What kind of case studies does Schwarz present? It’s indeed a smorgasbord of UFO encounters: pure sightings in the sky, landings with associated crop circles, telepathic interfaces with craft occupants, telekinetic “poltergeist”-like movements of objects in homes, mysterious episodes of paralysis, even episodes as extreme as repeated lifelong UFO contact. The Men in Black make an appearance, as do the recurring ufological trope of uncanny humans who seem “remote controlled.” Tangible evidence takes the form of photos and motion picture film. Schwarz’s approach—as can be seen by his selection of cases and willingness to integrate cryptozoology, hauntings, traditional psi abilities such as telepathy and telekinesis—is ecumenical and willing to admit all paranormal happenings as having a common source; this was a fairly common approach in the 1970s, as can be seen in works like John Keel’s The Eighth Tower (1975).

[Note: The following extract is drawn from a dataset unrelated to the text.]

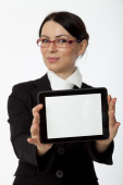 młody na białym tle biznes kobieta wyświetlone tabletki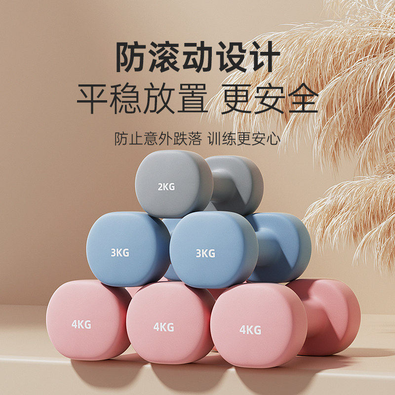 浸塑哑铃女士健身家用器材男士练臂肌瑜伽学生儿童纯铁防滑小哑铃

Two of the cases that Schwarz lingers on in UFO-Dynamics are the Betty and Barney Hill abduction episode (which took place in 1961), and the Stella Lansing films (which she began recording in 1967). The prominence of both cases is due to their uniqueness: Betty and Barney Hill were the first widely known “abductees” in the world of ufology, and Stella Lansing took a still-unmatched number of still and motion pictures of the UFOs she encountered. The Hills’ repute in the world of ufology is well-attested and I won’t repeat it here. The couple had reportedly “recovered” their abduction memories with the help of hypnosis sessions with a Dr. Benjamin Simon, and the initial account of their experience was published in 1966’s The Interrupted Journey by John G. Fuller. By the time Schwarz traveled to meet Betty Hill in New Hampshire in 1976 (Barney had passed away in 1969), she was much engaged with the ufological community. Schwarz was dealing now with interviews about experiences over a decade old, firmly ensconced and repeated among ufologists for almost as long, and as such maintains an analytical outlook on Betty Hill’s experiences both in 1961 and since. He finds the same threads of overall non-UFO paranormal activity and synchronicity that he had seen in other cases. Likewise, with the enormous amount of film evidence and encounter experiences presented to Schwarz by Stella Lansing, Schwarz concedes that it is impossible that the preponderance of evidence was solely a hoax, and believes there is something about Lansing herself that’s causing all these strange film effects and UFO encounters. In both cases, Schwarz’s ufodynamics prove that it is the “specialness” of the UFO experiencer that is at the center of the experience. Schwarz never turns this assertion into an indictment of the witnesses as delusional or hoaxers, however; his conclusion is that these people are receptive to some power that allows them to perceive paranormal phenomena.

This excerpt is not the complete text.